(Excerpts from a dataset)

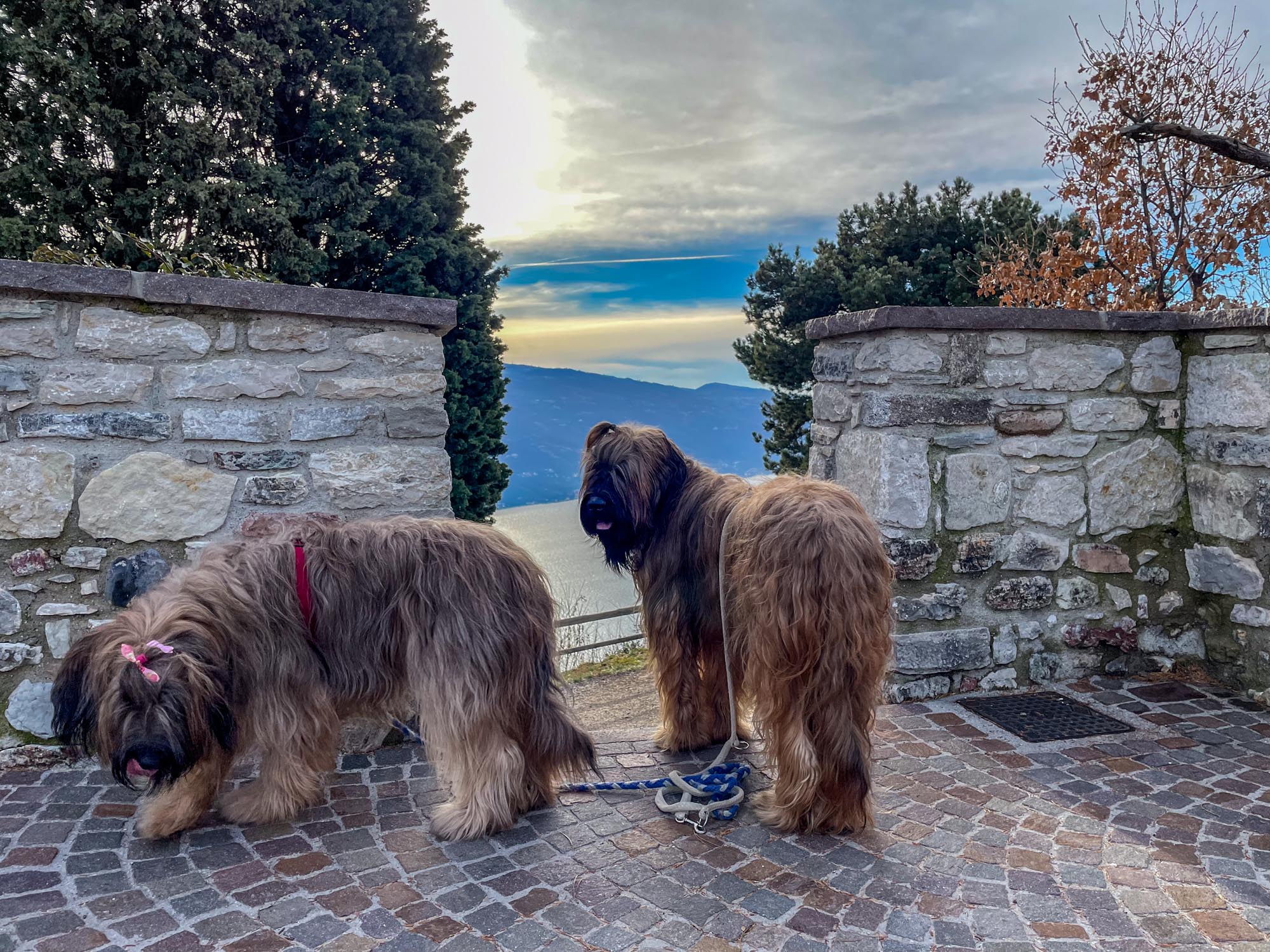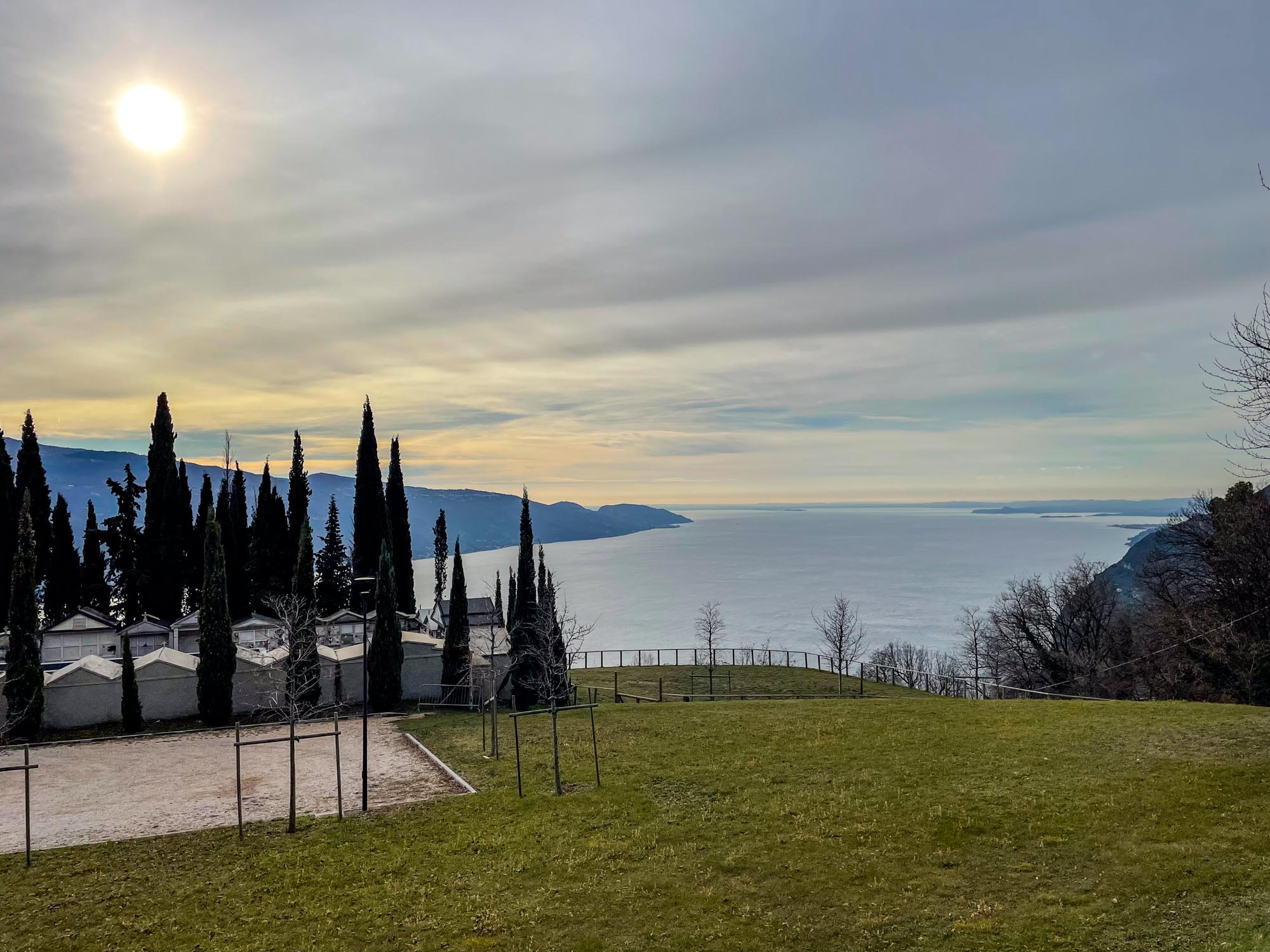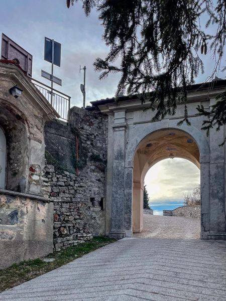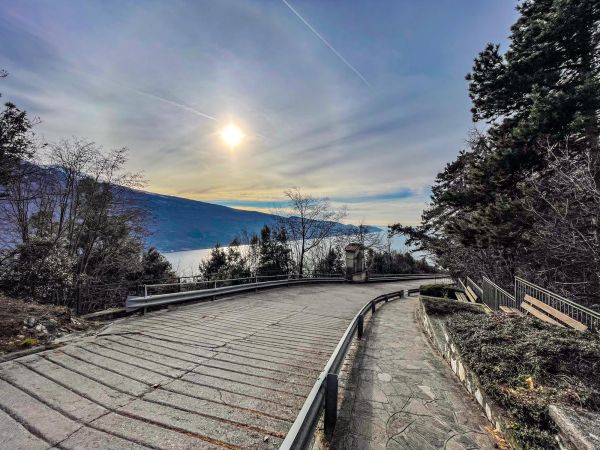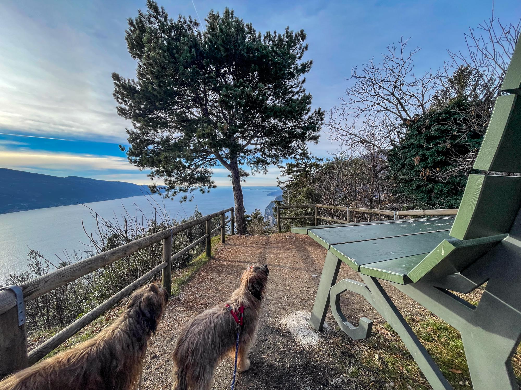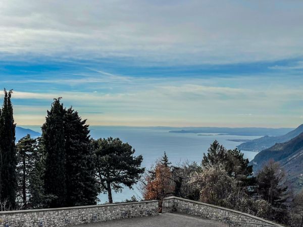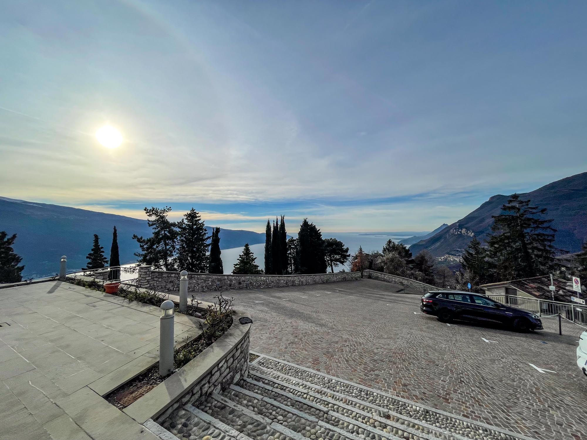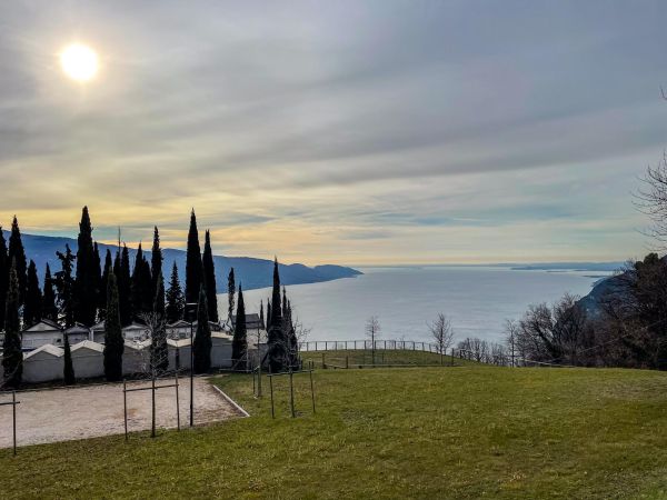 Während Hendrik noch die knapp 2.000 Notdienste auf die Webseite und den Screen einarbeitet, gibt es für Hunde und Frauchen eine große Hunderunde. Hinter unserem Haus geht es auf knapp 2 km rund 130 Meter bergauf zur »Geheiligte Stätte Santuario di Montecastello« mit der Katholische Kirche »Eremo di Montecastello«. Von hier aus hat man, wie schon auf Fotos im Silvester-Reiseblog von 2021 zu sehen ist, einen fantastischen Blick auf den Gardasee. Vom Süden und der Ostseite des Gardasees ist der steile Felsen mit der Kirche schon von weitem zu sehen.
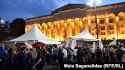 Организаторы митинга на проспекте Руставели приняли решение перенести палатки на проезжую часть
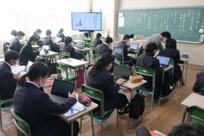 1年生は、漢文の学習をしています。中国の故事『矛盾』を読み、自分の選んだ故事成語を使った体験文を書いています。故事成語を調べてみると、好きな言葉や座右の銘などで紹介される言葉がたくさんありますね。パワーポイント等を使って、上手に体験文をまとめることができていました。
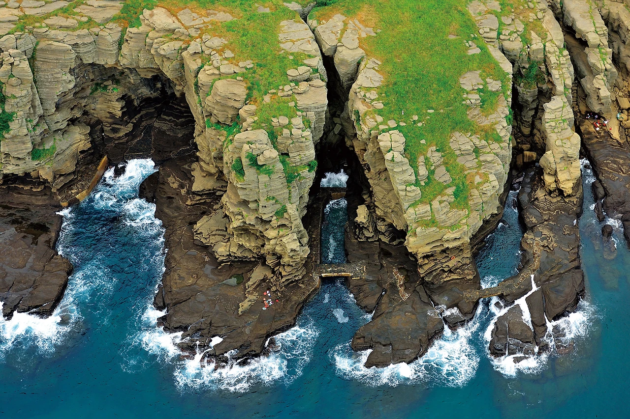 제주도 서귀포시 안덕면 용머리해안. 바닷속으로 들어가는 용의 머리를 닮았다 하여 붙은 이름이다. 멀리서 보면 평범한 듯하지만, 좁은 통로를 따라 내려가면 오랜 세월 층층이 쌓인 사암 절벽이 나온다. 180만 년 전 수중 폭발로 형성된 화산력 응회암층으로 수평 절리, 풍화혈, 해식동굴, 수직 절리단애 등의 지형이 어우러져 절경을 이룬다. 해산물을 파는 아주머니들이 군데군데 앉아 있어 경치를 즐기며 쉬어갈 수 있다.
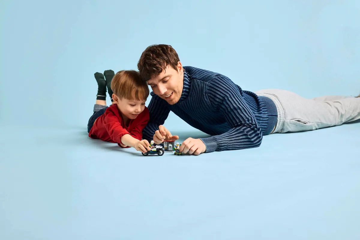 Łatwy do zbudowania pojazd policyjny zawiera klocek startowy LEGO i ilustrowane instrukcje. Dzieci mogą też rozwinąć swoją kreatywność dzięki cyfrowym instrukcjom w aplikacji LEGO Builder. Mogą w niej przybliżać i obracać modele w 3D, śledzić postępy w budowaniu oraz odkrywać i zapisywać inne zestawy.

• [Aim of the exercise]
The answer must be an exact transcription of the lines from the one containing "Организаторы митинга на" through the last line of the records above, both included, with no pictures.

• [Task response]
 Организаторы митинга на проспекте Руставели приняли решение перенести палатки на проезжую часть
 1年生は、漢文の学習をしています。中国の故事『矛盾』を読み、自分の選んだ故事成語を使った体験文を書いています。故事成語を調べてみると、好きな言葉や座右の銘などで紹介される言葉がたくさんありますね。パワーポイント等を使って、上手に体験文をまとめることができていました。
 제주도 서귀포시 안덕면 용머리해안. 바닷속으로 들어가는 용의 머리를 닮았다 하여 붙은 이름이다. 멀리서 보면 평범한 듯하지만, 좁은 통로를 따라 내려가면 오랜 세월 층층이 쌓인 사암 절벽이 나온다. 180만 년 전 수중 폭발로 형성된 화산력 응회암층으로 수평 절리, 풍화혈, 해식동굴, 수직 절리단애 등의 지형이 어우러져 절경을 이룬다. 해산물을 파는 아주머니들이 군데군데 앉아 있어 경치를 즐기며 쉬어갈 수 있다.
 Łatwy do zbudowania pojazd policyjny zawiera klocek startowy LEGO i ilustrowane instrukcje. Dzieci mogą też rozwinąć swoją kreatywność dzięki cyfrowym instrukcjom w aplikacji LEGO Builder. Mogą w niej przybliżać i obracać modele w 3D, śledzić postępy w budowaniu oraz odkrywać i zapisywać inne zestawy.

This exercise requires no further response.